Write out, word for word and with no pictures, each line below from the one containing "В первую очередь" through the one containing "Eskişehir'de bir büfeden", both included, and no other line.

● **Material for this task**
....................

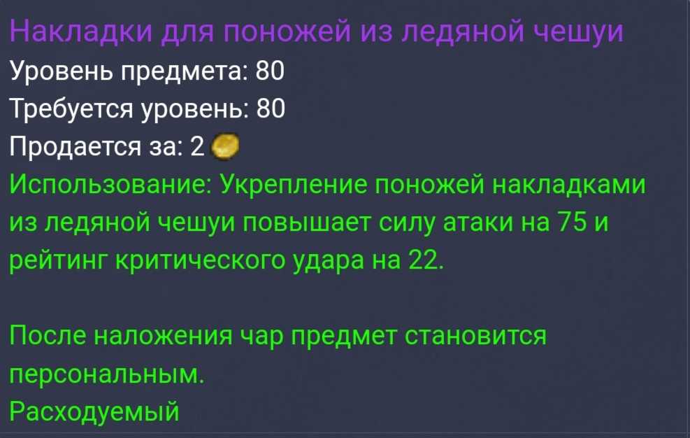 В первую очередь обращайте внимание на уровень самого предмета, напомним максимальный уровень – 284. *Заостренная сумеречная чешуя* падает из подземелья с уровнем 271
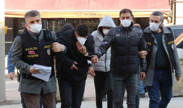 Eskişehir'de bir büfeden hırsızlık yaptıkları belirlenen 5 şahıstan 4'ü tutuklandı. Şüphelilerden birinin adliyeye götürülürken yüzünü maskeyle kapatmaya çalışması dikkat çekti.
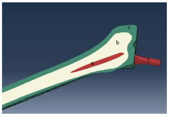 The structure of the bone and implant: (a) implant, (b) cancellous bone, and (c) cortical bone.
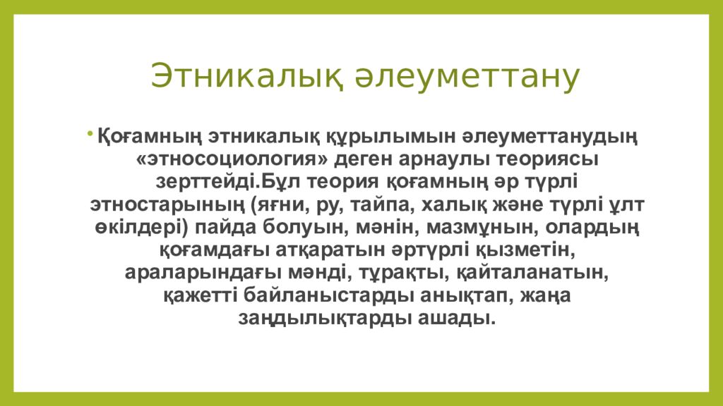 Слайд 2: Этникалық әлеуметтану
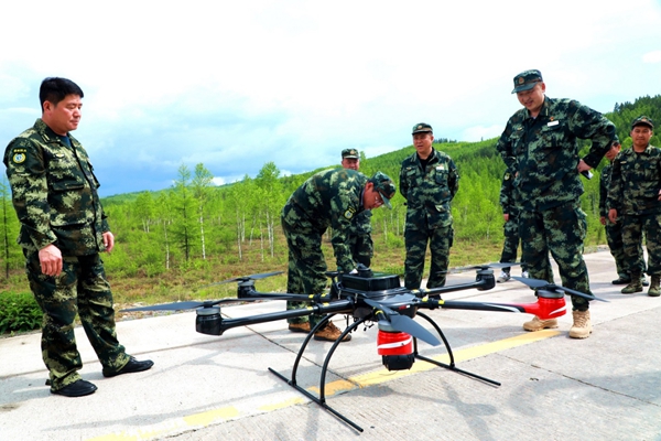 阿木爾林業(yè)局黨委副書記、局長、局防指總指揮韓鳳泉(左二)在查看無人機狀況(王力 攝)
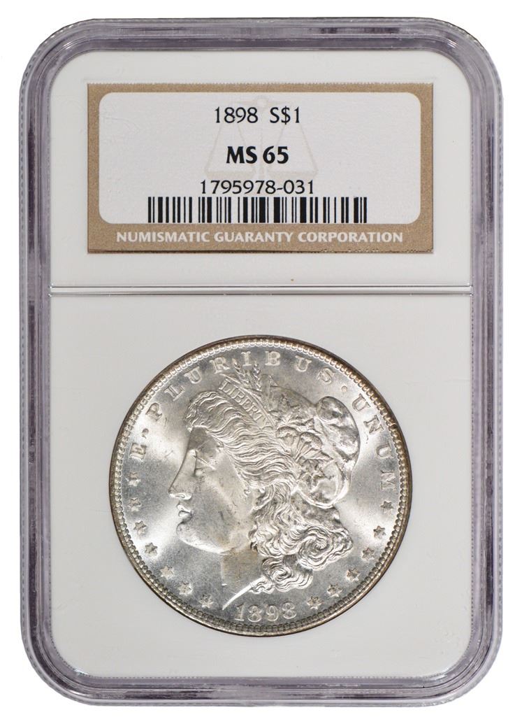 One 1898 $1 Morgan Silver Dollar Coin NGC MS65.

....................

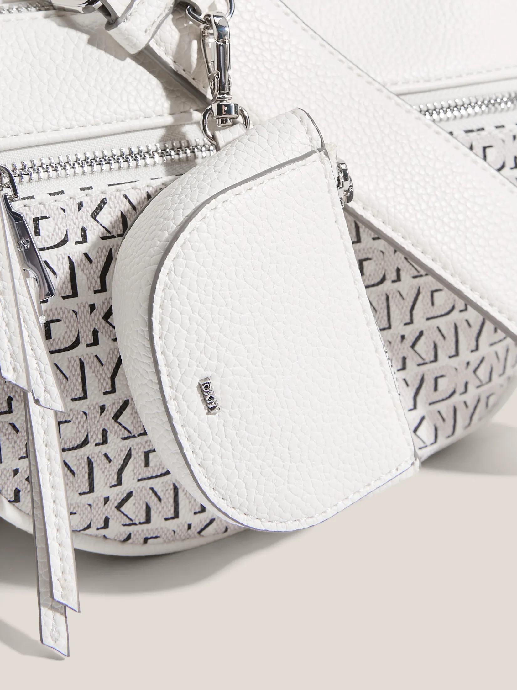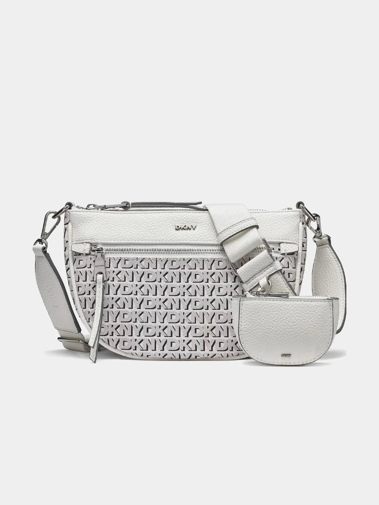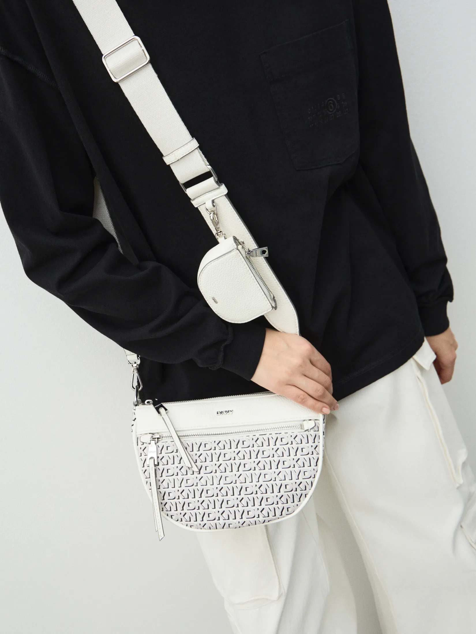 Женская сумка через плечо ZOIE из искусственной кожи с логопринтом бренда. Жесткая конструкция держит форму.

....................

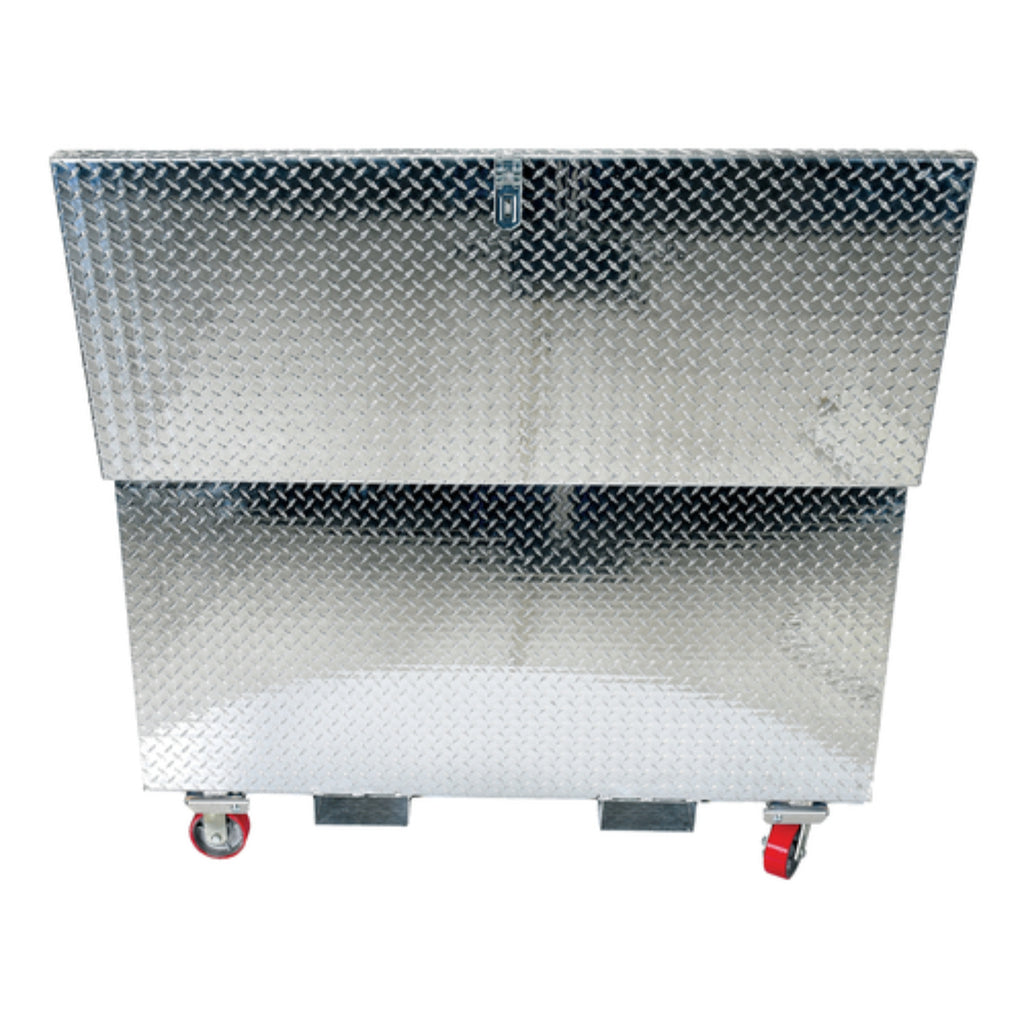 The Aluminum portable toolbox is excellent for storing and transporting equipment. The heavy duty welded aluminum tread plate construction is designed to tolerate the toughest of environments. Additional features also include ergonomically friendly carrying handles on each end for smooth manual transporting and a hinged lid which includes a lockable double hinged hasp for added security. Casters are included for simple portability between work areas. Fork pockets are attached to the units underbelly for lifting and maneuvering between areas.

....................

● **Written answer**
 В первую очередь обращайте внимание на уровень самого предмета, напомним максимальный уровень – 284. *Заостренная сумеречная чешуя* падает из подземелья с уровнем 271
 Eskişehir'de bir büfeden hırsızlık yaptıkları belirlenen 5 şahıstan 4'ü tutuklandı. Şüphelilerden birinin adliyeye götürülürken yüzünü maskeyle kapatmaya çalışması dikkat çekti.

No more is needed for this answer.